| Task directions |
Transcribe the records below in full; pictures stay out of the copy.

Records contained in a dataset
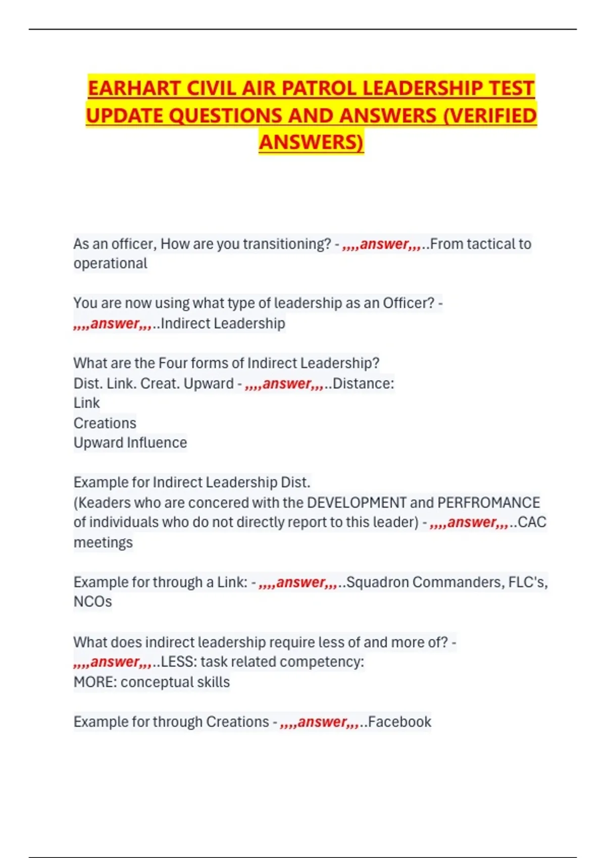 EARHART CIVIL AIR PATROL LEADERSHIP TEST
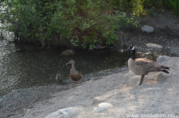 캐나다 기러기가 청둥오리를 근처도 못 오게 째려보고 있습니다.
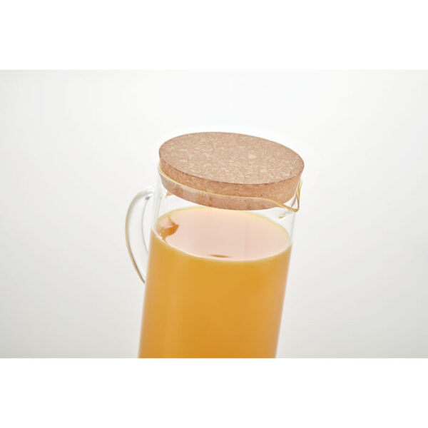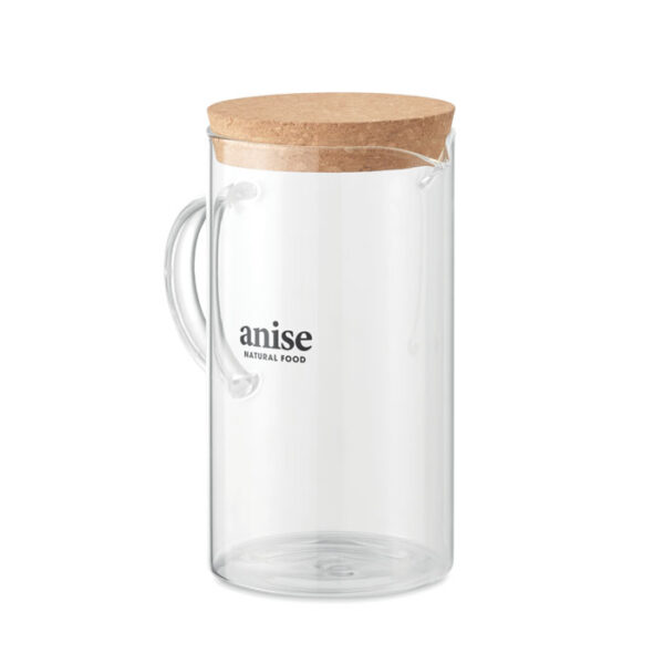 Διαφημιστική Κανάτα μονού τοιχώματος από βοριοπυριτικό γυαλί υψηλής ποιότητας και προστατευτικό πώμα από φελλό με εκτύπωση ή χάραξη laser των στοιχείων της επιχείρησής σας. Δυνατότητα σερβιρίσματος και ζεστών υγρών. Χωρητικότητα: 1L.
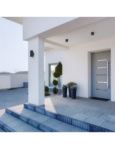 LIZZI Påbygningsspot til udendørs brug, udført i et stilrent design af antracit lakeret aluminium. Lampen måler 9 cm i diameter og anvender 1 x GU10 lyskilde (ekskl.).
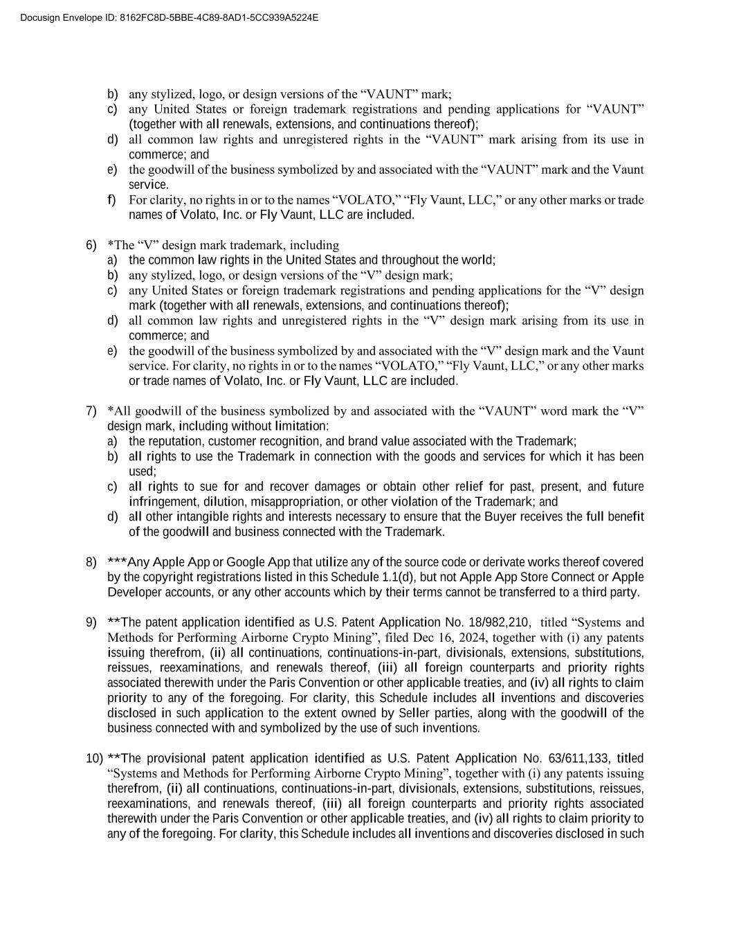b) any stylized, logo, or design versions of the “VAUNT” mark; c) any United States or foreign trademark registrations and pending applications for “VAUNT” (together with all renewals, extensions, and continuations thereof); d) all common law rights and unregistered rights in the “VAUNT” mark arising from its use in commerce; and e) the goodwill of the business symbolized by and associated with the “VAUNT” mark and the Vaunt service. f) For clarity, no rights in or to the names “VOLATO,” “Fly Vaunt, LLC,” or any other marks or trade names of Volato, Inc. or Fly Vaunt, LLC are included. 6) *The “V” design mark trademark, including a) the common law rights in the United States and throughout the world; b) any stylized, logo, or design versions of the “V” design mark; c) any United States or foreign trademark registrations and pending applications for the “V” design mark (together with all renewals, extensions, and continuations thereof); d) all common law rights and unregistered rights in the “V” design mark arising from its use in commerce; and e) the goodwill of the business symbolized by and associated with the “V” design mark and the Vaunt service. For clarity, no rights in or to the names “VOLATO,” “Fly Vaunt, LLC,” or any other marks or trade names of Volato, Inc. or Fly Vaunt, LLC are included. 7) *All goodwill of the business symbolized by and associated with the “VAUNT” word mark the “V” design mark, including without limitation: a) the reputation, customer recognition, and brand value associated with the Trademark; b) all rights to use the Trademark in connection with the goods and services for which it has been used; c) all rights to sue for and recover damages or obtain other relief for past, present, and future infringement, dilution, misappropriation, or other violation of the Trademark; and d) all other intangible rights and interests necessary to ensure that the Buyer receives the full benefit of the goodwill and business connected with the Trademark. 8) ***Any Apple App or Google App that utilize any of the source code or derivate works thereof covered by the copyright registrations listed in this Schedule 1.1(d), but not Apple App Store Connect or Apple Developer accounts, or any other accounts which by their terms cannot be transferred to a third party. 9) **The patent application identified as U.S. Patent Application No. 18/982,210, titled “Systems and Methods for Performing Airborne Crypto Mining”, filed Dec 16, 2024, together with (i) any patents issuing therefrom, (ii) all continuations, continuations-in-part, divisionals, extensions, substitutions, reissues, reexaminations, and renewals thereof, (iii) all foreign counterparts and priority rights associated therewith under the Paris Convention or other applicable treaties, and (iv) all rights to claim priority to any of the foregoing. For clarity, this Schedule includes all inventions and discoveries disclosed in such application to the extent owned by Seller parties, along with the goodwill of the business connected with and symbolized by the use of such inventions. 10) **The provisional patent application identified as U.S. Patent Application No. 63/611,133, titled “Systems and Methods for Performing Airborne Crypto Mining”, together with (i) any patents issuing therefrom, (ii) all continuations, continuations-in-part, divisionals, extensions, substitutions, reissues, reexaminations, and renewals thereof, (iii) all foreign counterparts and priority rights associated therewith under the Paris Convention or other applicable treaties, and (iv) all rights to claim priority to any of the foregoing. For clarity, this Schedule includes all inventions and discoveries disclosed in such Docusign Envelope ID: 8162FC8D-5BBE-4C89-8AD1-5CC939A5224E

| Expected answer |
 EARHART CIVIL AIR PATROL LEADERSHIP TEST
 캐나다 기러기가 청둥오리를 근처도 못 오게 째려보고 있습니다.
 Διαφημιστική Κανάτα μονού τοιχώματος από βοριοπυριτικό γυαλί υψηλής ποιότητας και προστατευτικό πώμα από φελλό με εκτύπωση ή χάραξη laser των στοιχείων της επιχείρησής σας. Δυνατότητα σερβιρίσματος και ζεστών υγρών. Χωρητικότητα: 1L.
 LIZZI Påbygningsspot til udendørs brug, udført i et stilrent design af antracit lakeret aluminium. Lampen måler 9 cm i diameter og anvender 1 x GU10 lyskilde (ekskl.).
b) any stylized, logo, or design versions of the “VAUNT” mark; c) any United States or foreign trademark registrations and pending applications for “VAUNT” (together with all renewals, extensions, and continuations thereof); d) all common law rights and unregistered rights in the “VAUNT” mark arising from its use in commerce; and e) the goodwill of the business symbolized by and associated with the “VAUNT” mark and the Vaunt service. f) For clarity, no rights in or to the names “VOLATO,” “Fly Vaunt, LLC,” or any other marks or trade names of Volato, Inc. or Fly Vaunt, LLC are included. 6) *The “V” design mark trademark, including a) the common law rights in the United States and throughout the world; b) any stylized, logo, or design versions of the “V” design mark; c) any United States or foreign trademark registrations and pending applications for the “V” design mark (together with all renewals, extensions, and continuations thereof); d) all common law rights and unregistered rights in the “V” design mark arising from its use in commerce; and e) the goodwill of the business symbolized by and associated with the “V” design mark and the Vaunt service. For clarity, no rights in or to the names “VOLATO,” “Fly Vaunt, LLC,” or any other marks or trade names of Volato, Inc. or Fly Vaunt, LLC are included. 7) *All goodwill of the business symbolized by and associated with the “VAUNT” word mark the “V” design mark, including without limitation: a) the reputation, customer recognition, and brand value associated with the Trademark; b) all rights to use the Trademark in connection with the goods and services for which it has been used; c) all rights to sue for and recover damages or obtain other relief for past, present, and future infringement, dilution, misappropriation, or other violation of the Trademark; and d) all other intangible rights and interests necessary to ensure that the Buyer receives the full benefit of the goodwill and business connected with the Trademark. 8) ***Any Apple App or Google App that utilize any of the source code or derivate works thereof covered by the copyright registrations listed in this Schedule 1.1(d), but not Apple App Store Connect or Apple Developer accounts, or any other accounts which by their terms cannot be transferred to a third party. 9) **The patent application identified as U.S. Patent Application No. 18/982,210, titled “Systems and Methods for Performing Airborne Crypto Mining”, filed Dec 16, 2024, together with (i) any patents issuing therefrom, (ii) all continuations, continuations-in-part, divisionals, extensions, substitutions, reissues, reexaminations, and renewals thereof, (iii) all foreign counterparts and priority rights associated therewith under the Paris Convention or other applicable treaties, and (iv) all rights to claim priority to any of the foregoing. For clarity, this Schedule includes all inventions and discoveries disclosed in such application to the extent owned by Seller parties, along with the goodwill of the business connected with and symbolized by the use of such inventions. 10) **The provisional patent application identified as U.S. Patent Application No. 63/611,133, titled “Systems and Methods for Performing Airborne Crypto Mining”, together with (i) any patents issuing therefrom, (ii) all continuations, continuations-in-part, divisionals, extensions, substitutions, reissues, reexaminations, and renewals thereof, (iii) all foreign counterparts and priority rights associated therewith under the Paris Convention or other applicable treaties, and (iv) all rights to claim priority to any of the foregoing. For clarity, this Schedule includes all inventions and discoveries disclosed in such Docusign Envelope ID: 8162FC8D-5BBE-4C89-8AD1-5CC939A5224E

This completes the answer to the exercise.